Dr. BUGMAN wrote:I just don't think cheese alone can redeem a song (I think I've written about this before). Unknown to M.E. isn't a song I enjoy on any level. It's not particularly clever or catchy. It just grates (and he does chuckle, dammit). Compare it to Right Said Fred's Wonderman as a song that does silly tongue-in-cheek right.

I think the best character-specific lyrical song is Howard Drossin's Metal Sonic. It unnaturally subdued and hostile. The lyrics are abstract, almost Lewis Carroll-esque. The pharse "he's put together the wrong way" is both apt and ambiguous. Is it "the wrong way" in the sense that all of Eggman's creations are only good for destruction, or is it in "the wrong way" that Eggman himself didn't intend. Foreboding stuff right there.

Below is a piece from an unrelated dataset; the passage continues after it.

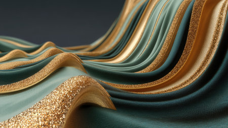 A stunning close-up view of elegant fabric featuring rich teal and shimmering gold stripes, creating a sophisticated and luxurious atmosphere perfect for design projects.
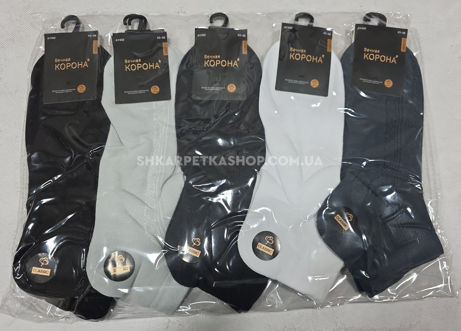 Шкарпетки "Корона" АY-402 сітка/cotton чоловічі, р. 43-48 -асорті -(Сіточка -укорочені /однотонні +з боків однотонний візерунок у довжину) -уп. 10 шт

Too bad it was never used in a game! (and I don't even like grunge)
THANK YOU. People who claim songs like Unknown to M.E. are witty or tongue in cheek are giving Sega/Sonic Team way too much credit. These people wouldn't understand satire or humor if it came up and bit them in the face. It was only with Colors and by hiring outside writers that the games developed something resembling a sense of humor.

Has Takeshi Iizuka ever even cracked a joke? Attempted a joke? Laughed or smiled?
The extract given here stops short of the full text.